- Ayer Location within Washington (state) Ayer Location within the United States
- Coordinates: 46°35′47″N 118°20′54″W﻿ / ﻿46.59639°N 118.34833°W
- Country: United States
- State: Washington
- County: Walla Walla
- Elevation: 581 ft (177 m)
- Time zone: UTC-8 (Pacific (PST))
- • Summer (DST): UTC-7 (PDT)
- GNIS feature ID: 1510760

= Ayer, Washington =

Unincorporated community in Washington, US

Ayer is an unincorporated community located in Walla Walla County, Washington, United States.

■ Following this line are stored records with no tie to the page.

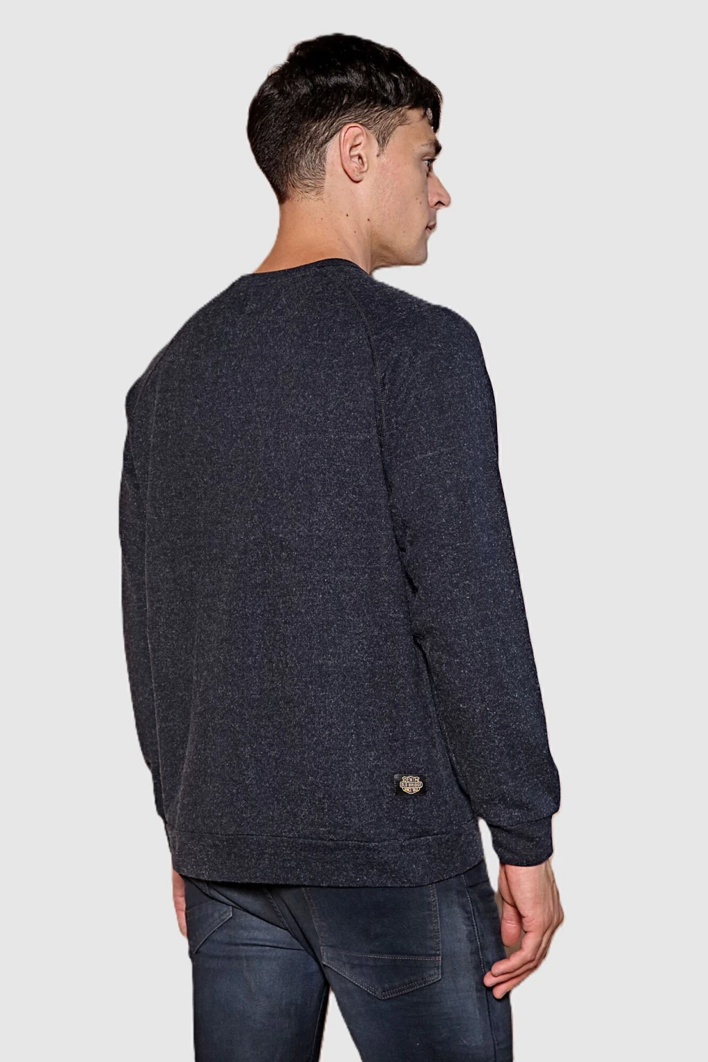Buzo de escote redondo y manga ranglan. Tiene detalles de bordador al tono y cuenta en el frente con una pequeña estampa con textura. Esta confeccionado en algodón rústico con lycra para mayor comodidad y flexibilidad.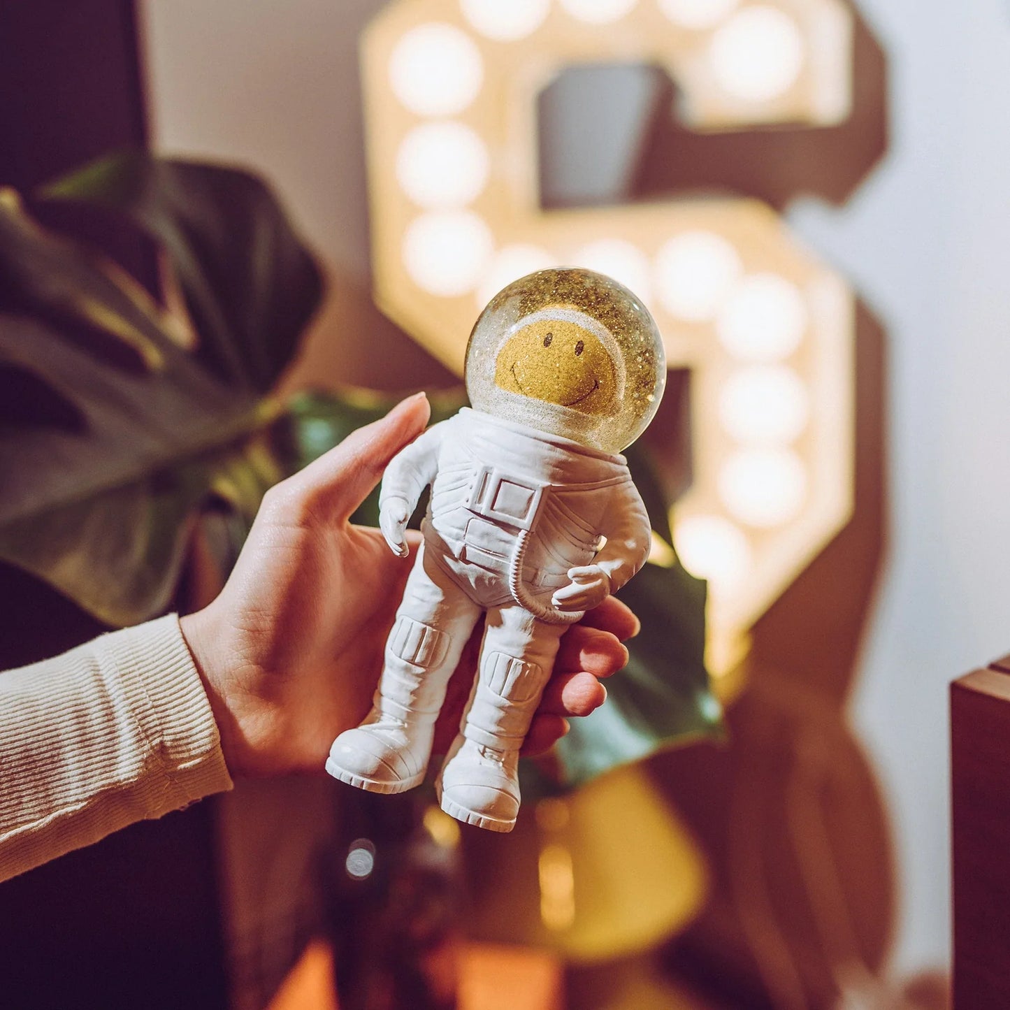 Explorant le royaume de la joie, l'Astronaute est chargé d'une mission importante : vous faire sourire ! Quelle que soit la difficulté de votre journée, le Smiley Summerglobe vous permettra de relever tous les défis avec le sourire aux lèvres. Un accroche-regard dans chaque pièce et certainement la pièce de décoration la plus étonnante pour tout admirateur de voyages spatiaux ! Secouez un peu l'astronaute - les flocons de neige dorés dansant autour du visage souriant vous remonteront le moral à coup sûr.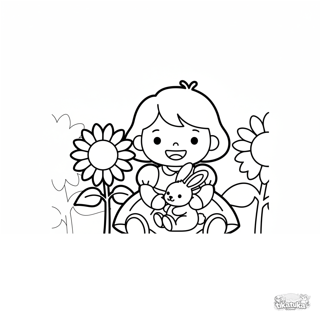 Simple coloring page for toddlers 2-3: a little princess sits in a sunflower field petting a fluffy bunny. Large shapes, wide margins.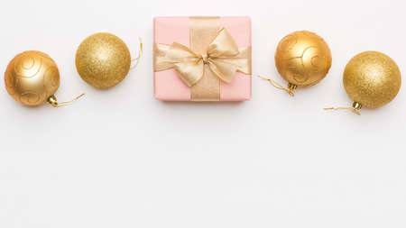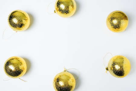 Christmas or New Year composition with golden balls on white background. Flat lay, top view with space for text

Ayer is a stop on the Union Pacific Railroad located in the northern portion of the county, approximately 47 mi north of Walla Walla along the Snake River. It was a main half way stop for the railroad between Hermiston, Oregon and Spokane, Washington. A hotel was built specifically for the train crews. It was also used by the Camas Prairie Railroad, from Lewiston, Idaho, and the Pomeroy Branch would use as a switching point for freight moving to the north or south. The small town grew up around the hotel and rail yard, but the original Ayer was relocated when Lower Monumental Dam was constructed by the U.S. Army Corps of Engineers, and the original area was flooded. The town is now abandoned and sits in a decaying state.